Soft tissues (such as the muscles or some ligaments) were not incorporated into the different models, but their contribution was nonetheless considered as an influence on the loading conditions applied [35]. Another assumption was to simplify the collateral ligaments by modeling them as beams. This is, however, a common approach in the literature and it can be found in previously validated ligaments models [9, 24,25,26, 31, 34, 45]. Therefore the validity of this study is not affected. All the organic material models (bony structures as well as the soft tissues) were further assumed to be linear elastic and homogeneous, although it is well-known that the cortical and cancellous bone present spatial inhomogeneity in their properties. However, such assumption, in the finite element approach for this kind of studies and for this reason, was considered acceptable [9, 25, 26, 29, 34]. Another simplification present in the study was to consider the behavior of the polyethylene as linear elastic, without taking into account the plastic region. Therefore, this approximation led to an overestimation of the local value of the polyethylene stress. However, this overestimation served a further purpose as it allowed for analysis of the eventual worst-case scenario and the results obtained showed that in no case were the critical stress values reached. It also should be considered that the goal of this study was to provide a comparison between the different studied models using the same approach [9, 25, 26], and, therefore, the fact that the same approximation is done for every model does not present an issue. The next limitation lies in the geometries used to describe the different structures: The bone models used, indeed, did not take into consideration any variation of the bone anatomy and bone deformity that could alter the final TKA outcome [9, 34, 46, 47], but this ideal approach is largely used for finite element modeling in the biomechanical field [24, 26, 48, 49] and, therefore, the study on the effect of deformities can be seen as an eventual follow-up research project. Furthermore, the list of prostheses analyzed included only one family of products, and therefore they were not comprehensive and not representative of the whole models available. However, this choice allowed for comparison of the influence of constraint of various levels only and not involving any other design features, thus representing a viable way to perform the study.

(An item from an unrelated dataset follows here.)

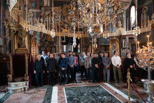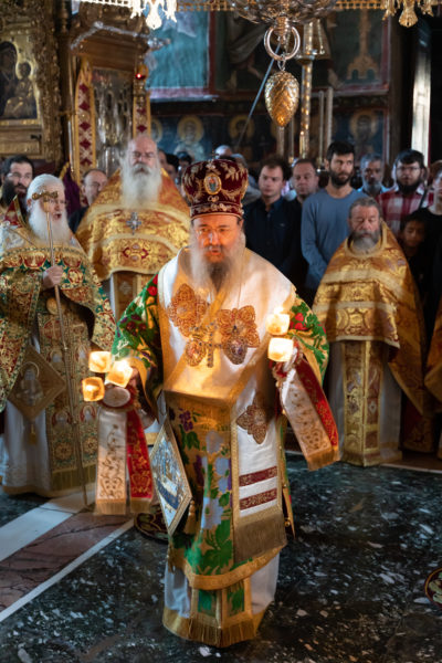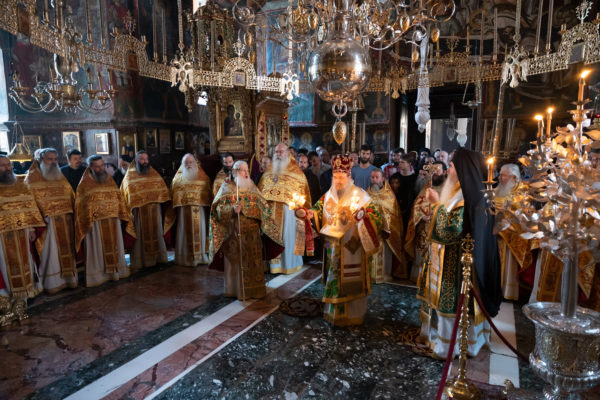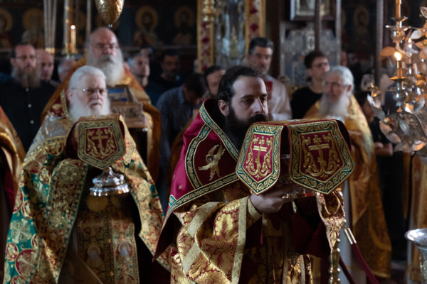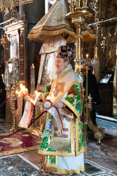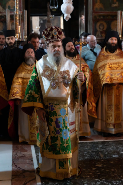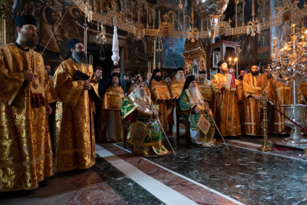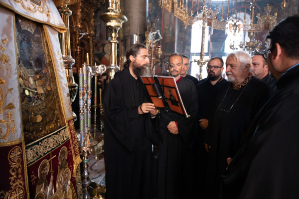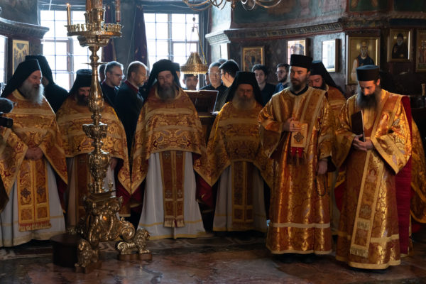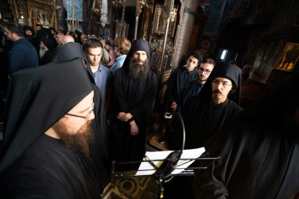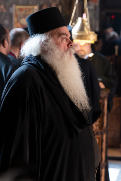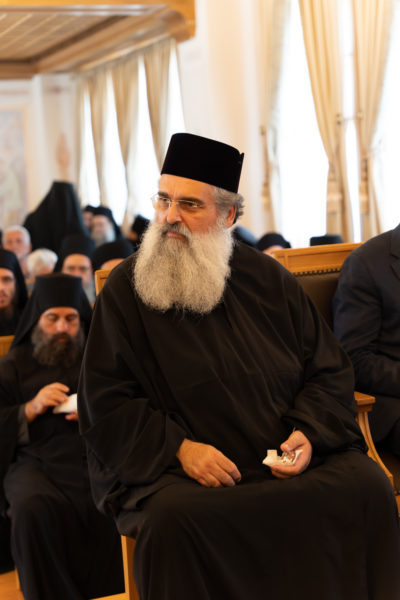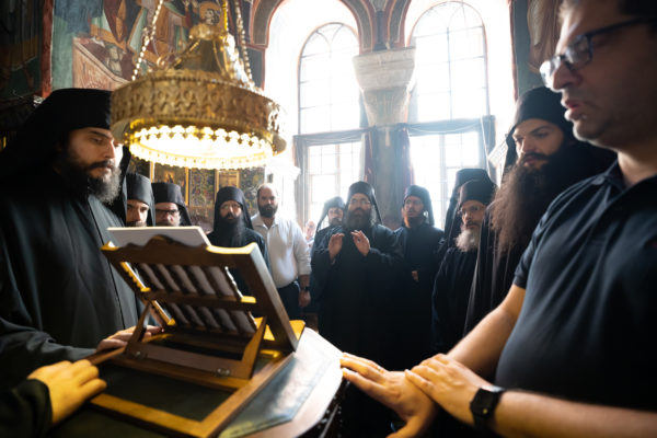 Τα αναλόγια πλαισίωσαν ο κ. Γεώργιος Χατζηχρόνογλου, Άρχων Υμνωδός της ΜτΧΕ και Πρωτοψάλτης του Καθεδρικού Ναού Παναγίας Φανερωμένης Χολαργού και Βατοπαιδινοί Πατέρες.
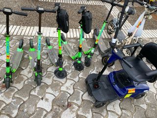 Se vende lote de cinco patinetes eléctricos E-TWOW. 1Ninobot xiaomi xtream y un escoter de movilidad - Color verde. - Incluye bolsa de transporte negra.

Of note, the patello-femoral joint was not included in the model, since it was not the focus of the analysis. This choice was made by taking into account the fact that the forces involved in this joint in the configurations analyzed were negligible compared to the ones involved in the considered regions of interest. Furthermore, this choice was made in agreement with previously validated models addressing similar configurations [9, 24, 28].
Finally, the positioning and the alignment of the prosthetic components were assumed to be ideal during the simulations, ignoring the possible postoperative misalignments occurring during TKA surgeries [9, 50]. Also in this case, since the main aim was to conduct a comparative study, the fact that all the models were ideally implanted should not be considered as an issue.